**Brief:** Below is a block of records; return all of them exactly, but without the images.

**Provided entries:**
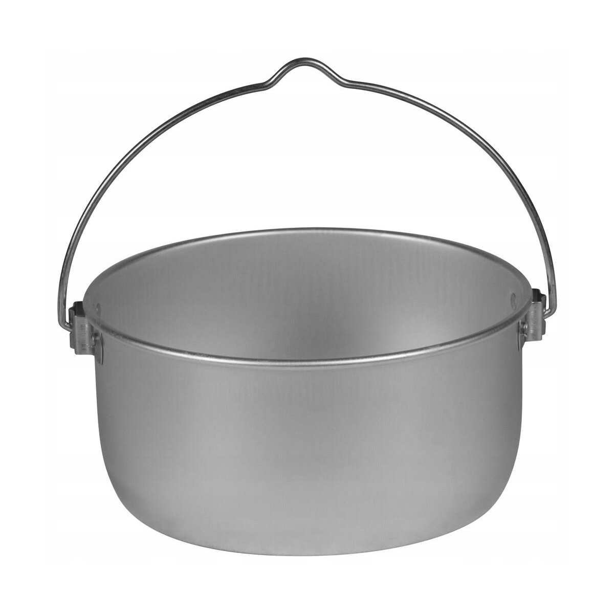 Wykonany jest z aluminium UL (Ultralight), które jest dopuszczone do kontaktu z żywnością. Składany uchwyt umożliwia jego wygodną obsługę, zawieszenie nad ogniskiem na polowej kuchni lub trójnogu oraz pozwala na łatwe spakowanie do bagażu.
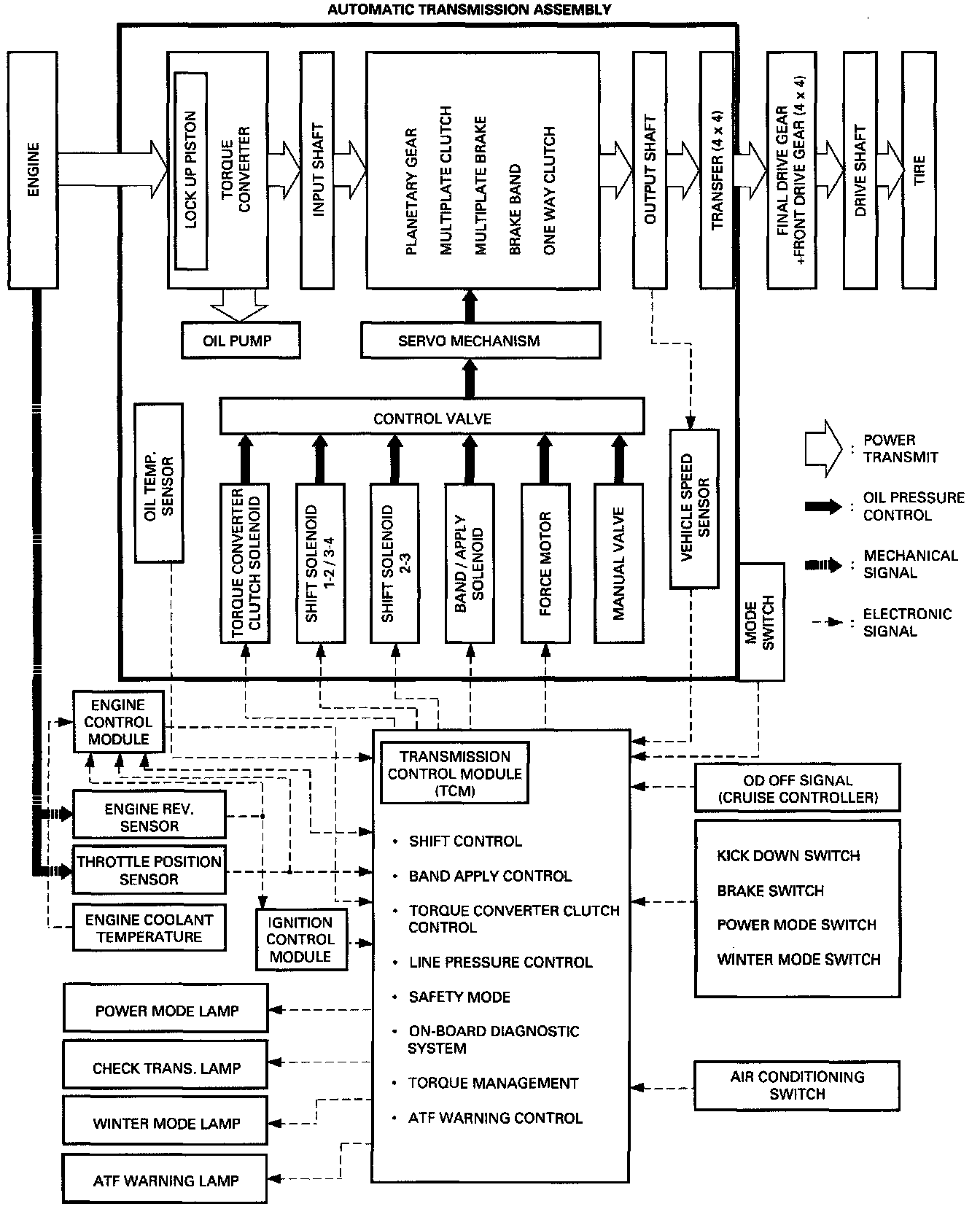 The TCM sends the absolute spark advance signal to the Engine Control Module (ECM) while the Transmission is being shifted, to control the Engine spark timing in compliance with the Vehicle running condition to reduce the shocks caused by the change of speed.
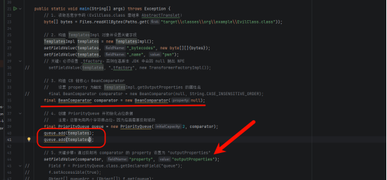PriorityQueue 在 heapify() 时会调用 compare 比较父子节点。两个相同对象(都是 templates)可以确保无论怎么比,都能触发 getOutputProperties()。
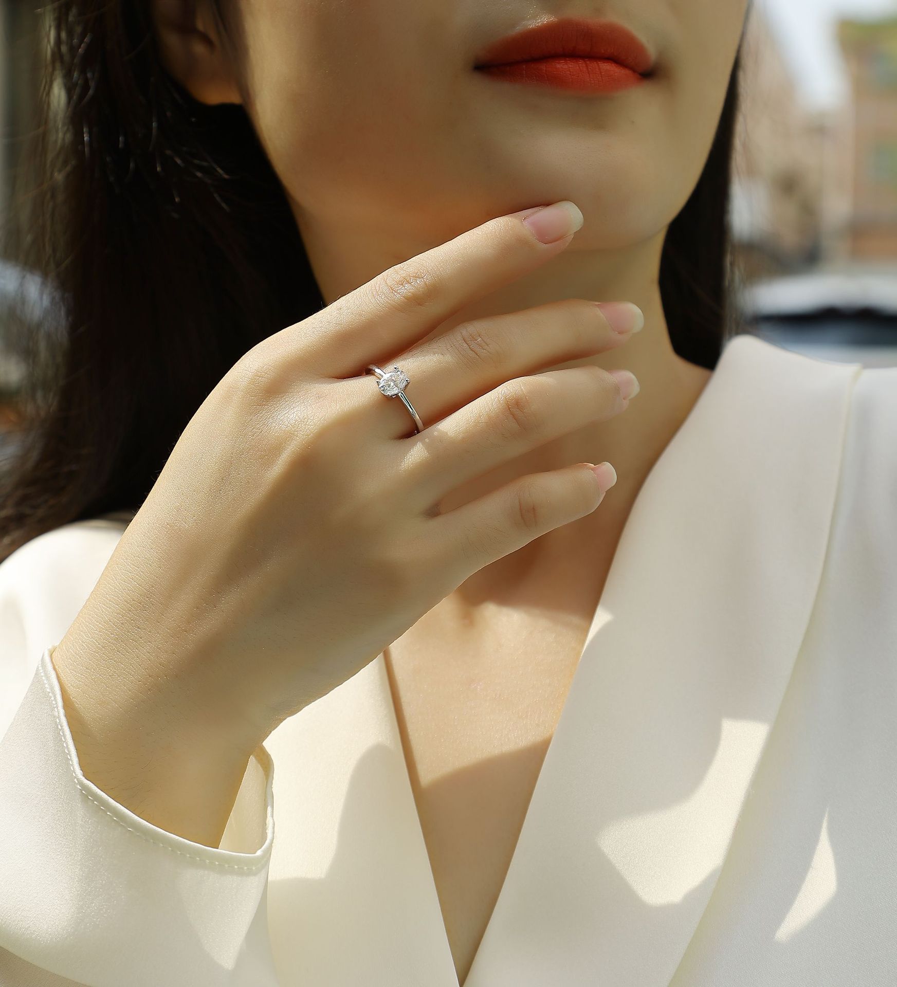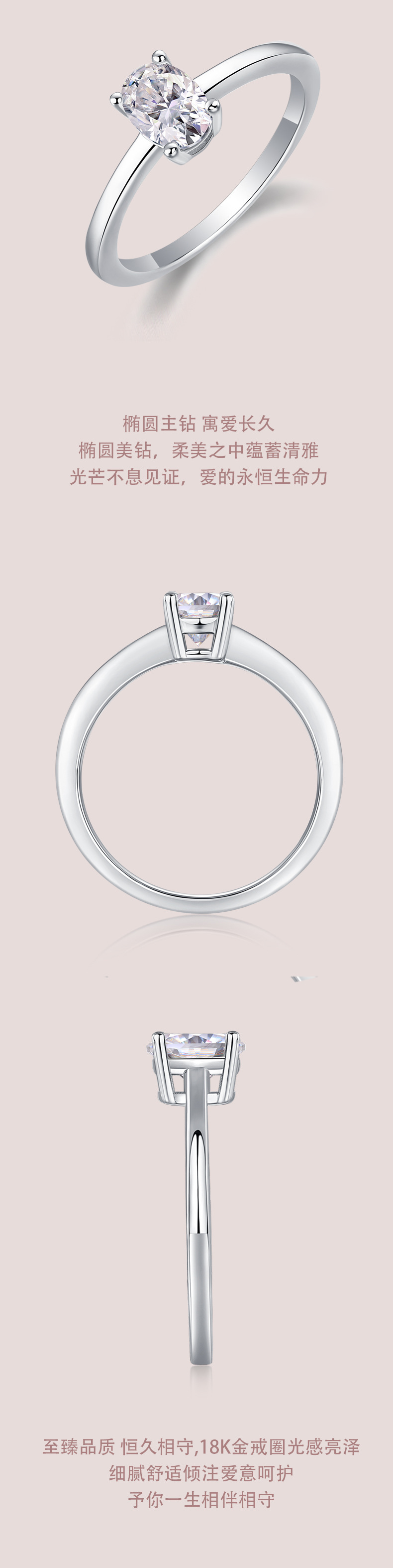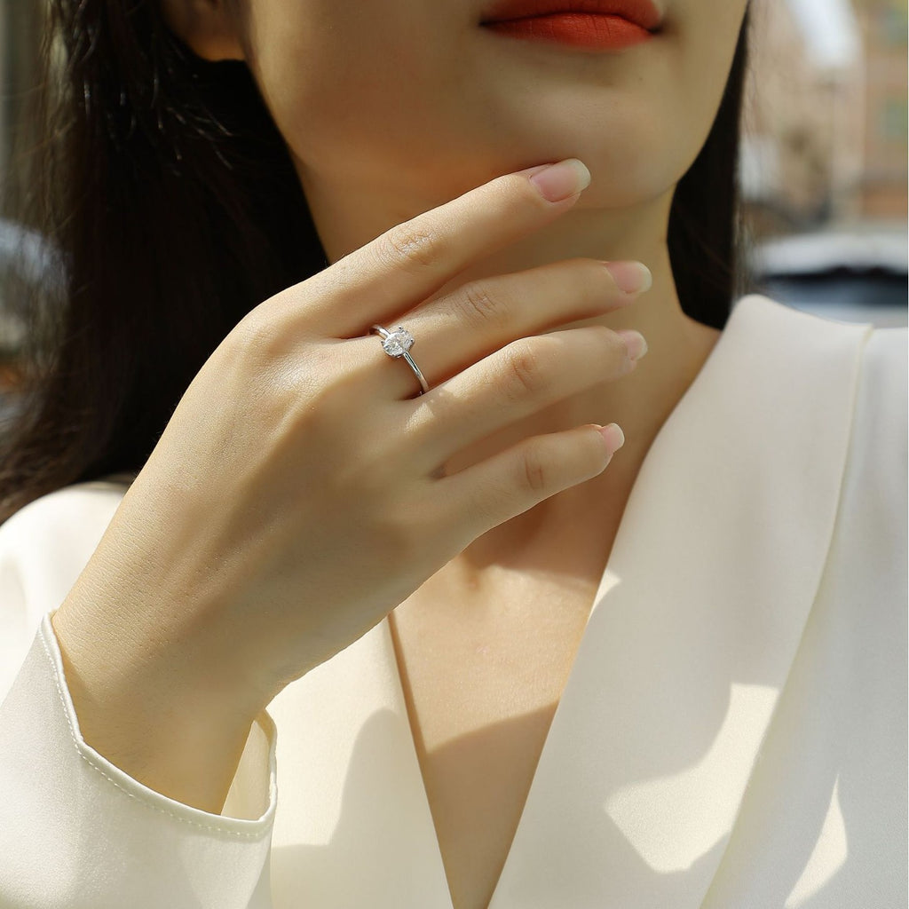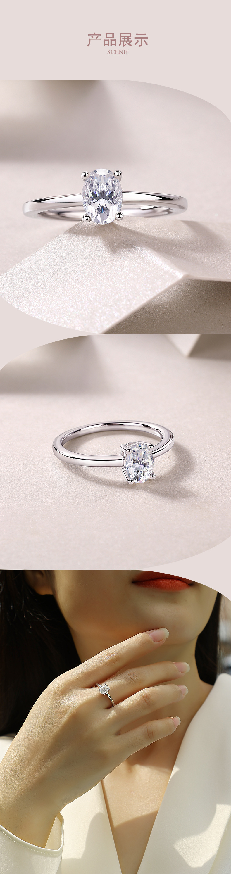 跨境亚马逊订婚礼物指圈925银蛋形莫桑石小众高级感轻奢风戒指女
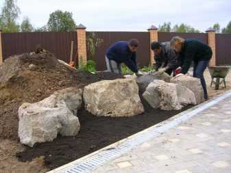 Сначала устанавливают самые крупные камни. Эту работу нужно начинать после хорошей усадки грунта. Камни нужно заглубить в грунт более чем на 50% от их объема. Камушки поменьше должны располагаться таким образом, чтобы быть защищенными от ветров и осадков, иначе они будут подмываться и сползать. Не стоит забывать о том, что между камнями нужно оставлять достаточно открытого места для высадки растений и цветов.
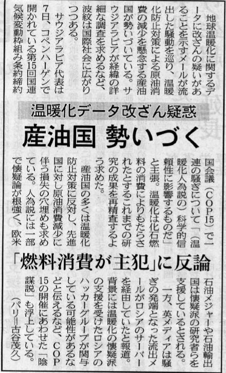 コペンハーゲンでこの7日から開催されているCOP15は、先進国と途上国の間で大きな意見の隔たりがあり、会議での結論が得られる見込みはまだ立っていない。この会議の始まる12月6日に温暖化は本当に起こっているのかとの疑念が再び噴出した。
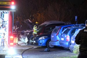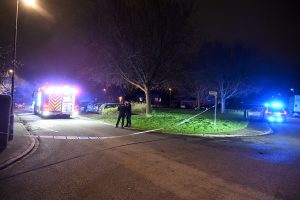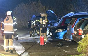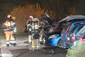 Troligen anlagd bilbrand på Önskegatan i kväll vid 23.35. Rökdykare med pulversläckare och slangledning kunde snabbt släcka ner branden innan den spred sig vidare på boendeparkeringen. Polis kom till platsen och spärrade av ett mindre område runt den brinnande bilen. Polisen på platsen ville inte uttala sig om händelsen. Området har tidigare drabbats av anlagda bilbränder.
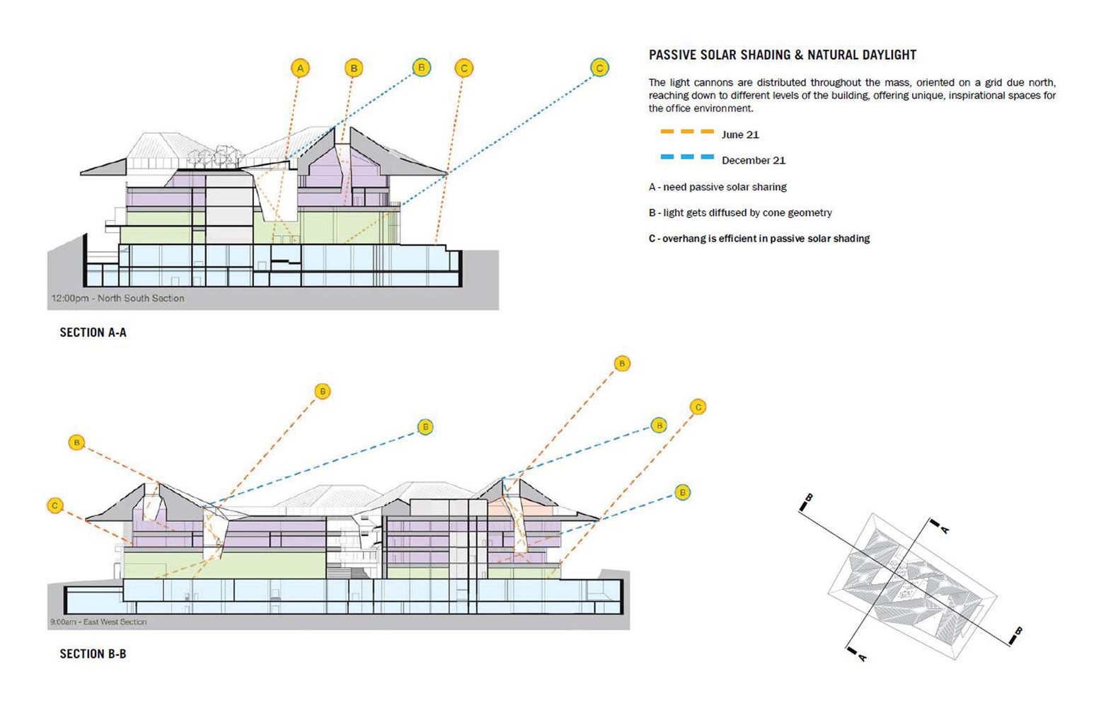 节能屋顶:展厅采用的双层屋顶避免了额外能量的散失。而造型突出的大型屋顶延伸悬挑则对整个建筑立面产生积极的遮阳效果。八个“光炮”更是将自然光照完全引入空间内部。该项目基于精密的光学研究,针对一天中的不同时段和一年中的不同时日都定制了最佳的采光和遮阳策略,加上地热热泵系统的配合,整个展厅的能量消耗比同类型的建筑要低30%左右。

**Output for this exercise:**
 Wykonany jest z aluminium UL (Ultralight), które jest dopuszczone do kontaktu z żywnością. Składany uchwyt umożliwia jego wygodną obsługę, zawieszenie nad ogniskiem na polowej kuchni lub trójnogu oraz pozwala na łatwe spakowanie do bagażu.
 The TCM sends the absolute spark advance signal to the Engine Control Module (ECM) while the Transmission is being shifted, to control the Engine spark timing in compliance with the Vehicle running condition to reduce the shocks caused by the change of speed.
PriorityQueue 在 heapify() 时会调用 compare 比较父子节点。两个相同对象(都是 templates)可以确保无论怎么比,都能触发 getOutputProperties()。
 跨境亚马逊订婚礼物指圈925银蛋形莫桑石小众高级感轻奢风戒指女
 Сначала устанавливают самые крупные камни. Эту работу нужно начинать после хорошей усадки грунта. Камни нужно заглубить в грунт более чем на 50% от их объема. Камушки поменьше должны располагаться таким образом, чтобы быть защищенными от ветров и осадков, иначе они будут подмываться и сползать. Не стоит забывать о том, что между камнями нужно оставлять достаточно открытого места для высадки растений и цветов.
 コペンハーゲンでこの7日から開催されているCOP15は、先進国と途上国の間で大きな意見の隔たりがあり、会議での結論が得られる見込みはまだ立っていない。この会議の始まる12月6日に温暖化は本当に起こっているのかとの疑念が再び噴出した。
 Troligen anlagd bilbrand på Önskegatan i kväll vid 23.35. Rökdykare med pulversläckare och slangledning kunde snabbt släcka ner branden innan den spred sig vidare på boendeparkeringen. Polis kom till platsen och spärrade av ett mindre område runt den brinnande bilen. Polisen på platsen ville inte uttala sig om händelsen. Området har tidigare drabbats av anlagda bilbränder.
 节能屋顶:展厅采用的双层屋顶避免了额外能量的散失。而造型突出的大型屋顶延伸悬挑则对整个建筑立面产生积极的遮阳效果。八个“光炮”更是将自然光照完全引入空间内部。该项目基于精密的光学研究,针对一天中的不同时段和一年中的不同时日都定制了最佳的采光和遮阳策略,加上地热热泵系统的配合,整个展厅的能量消耗比同类型的建筑要低30%左右。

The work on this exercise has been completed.